Put more simply: dear fan, are you saying that our consumer interests are simply less important than yours?
What bothers me is the precedent that this sets…. Are they going to have to run everything by The Mary Sue (popular website by and for female comic fans) before they approve it? Does Gail Simone (DC Comics’ most prominent female writer) have to give her approval for everything concerning women before it’s universally accepted by fans? Are all controversial comic decisions going to have to be approved by some sort of committee comprised of fans and professionals?
But I counter with this: forgetting the obvious hyperbole in this quote (no one is asking that Mary Sue editors get DC Comics veto power), is it really such an imposition for the comic book industry to start to think about the diversity of the comic book audience? The problem here was DC’s presumption that all comic book fans are the “conventional” comic book fan: White, male, and titillated by adolescent references to sexual violence. The problem here was DC’s failure to recognize that today’s comic book audience encompasses fans who don’t fit this stereotypical trope; we are women, people of colour, and some of us don’t care much for glorifications of sexual violence and implied rape in the comics we buy.
Comic book writers and artists aren’t creating comic books in a consumer vacuum; they create comics to sell to fans. Catering to fan interests is what they do, and what they have done for a century. There’s nothing revolutionary about saying: it’s 2015, and therefore time for creators to start thinking about more than just what will appeal to one kind of fan.
Meanwhile, Snoopy Jenkins makes the most important point I’ve read to-date about the Batgirl variant cover controversy: this isn’t just about glorification of sexual violence, but also about mainstream comics’ and fans’ resistance towards contrasting feminist depictions of superheroes. This isn’t just about a variant cover with a terrified Batgirl ensnared by a predatory Joker, but about a nerd community that fights (with death threats) to keep this image on comic book shelves while it fights (with death threats) to silence the work and opinion of feminist content creators and fans who offer an alternative portrait of female heroics. Snoopy writes as a comment to Will:
[I]n comics, men tend to identify with a free speech coarse enough to support depictions of violence against women for profit, but too fragile to support actual feminist characters that do more than sad aggro imitations of male superheroes.

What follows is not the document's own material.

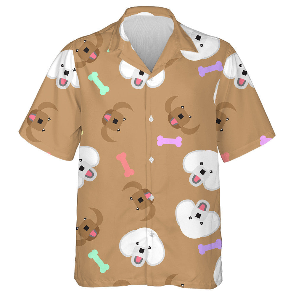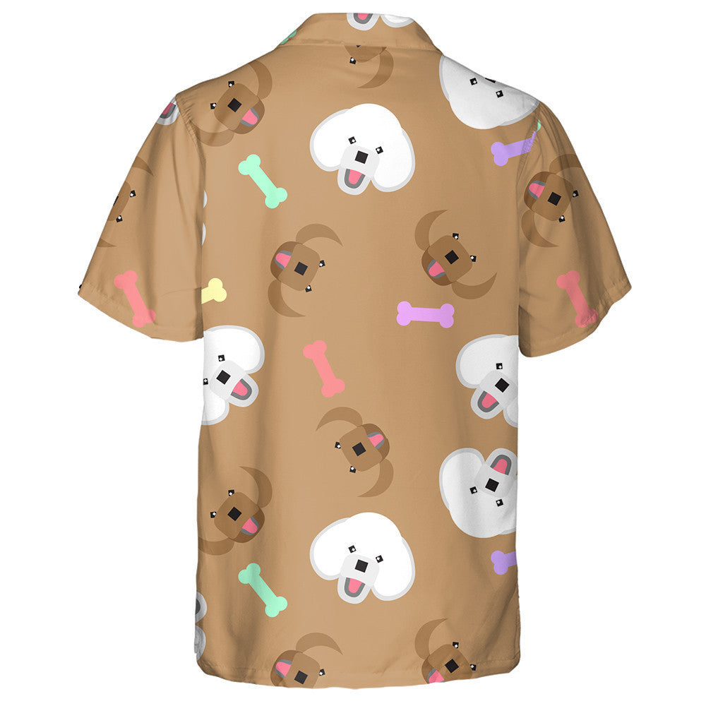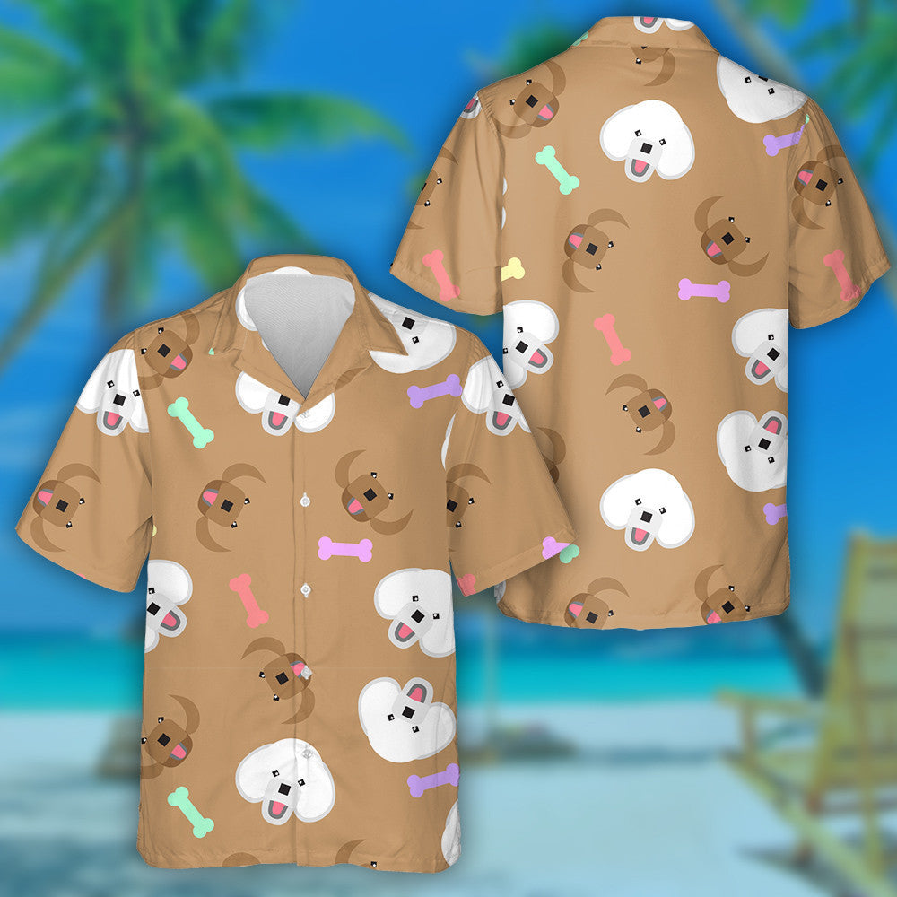 Deilbhíní Cartún Madra agus Cnámh Poodle Ar Léine Haváis Donn, Bronntanas Léine Haváíais, Bronntanas Nollag

Put another way, I’m all about allowing whatever variant covers in comics that are supported by the market, but I find little redeeming value in this art, and question why DC and Marvel artists can always find room for sexual violence against women or hypersexual women, but never find room for respectable feminist characterizations of women. Incidents like this illustrate how distant the mainstream comic publishers and their overwhelmingly male audience are from the modern feminism female comic fans fail to inject into the industry.
Asking the Mary Sue for feminist approval, however tongue-in-cheek, is precisely not the point. DC can tell decent stories with or without sadomasochism and female torture, but if they wish to use that stuff someone should at least interrogate why it appeals to the audience, and why they can’t also sell meaningful feminist material as well. An audience that will purchase terrified Barbara Gordon or apple-bottomed Spider-Woman but shuns feminism is an immoral and sexist audience. Capitalism and free speech ideals can’t defend that.
Addendum: either way, I still wish they’d bring back Cassie Cain’s Batgirl.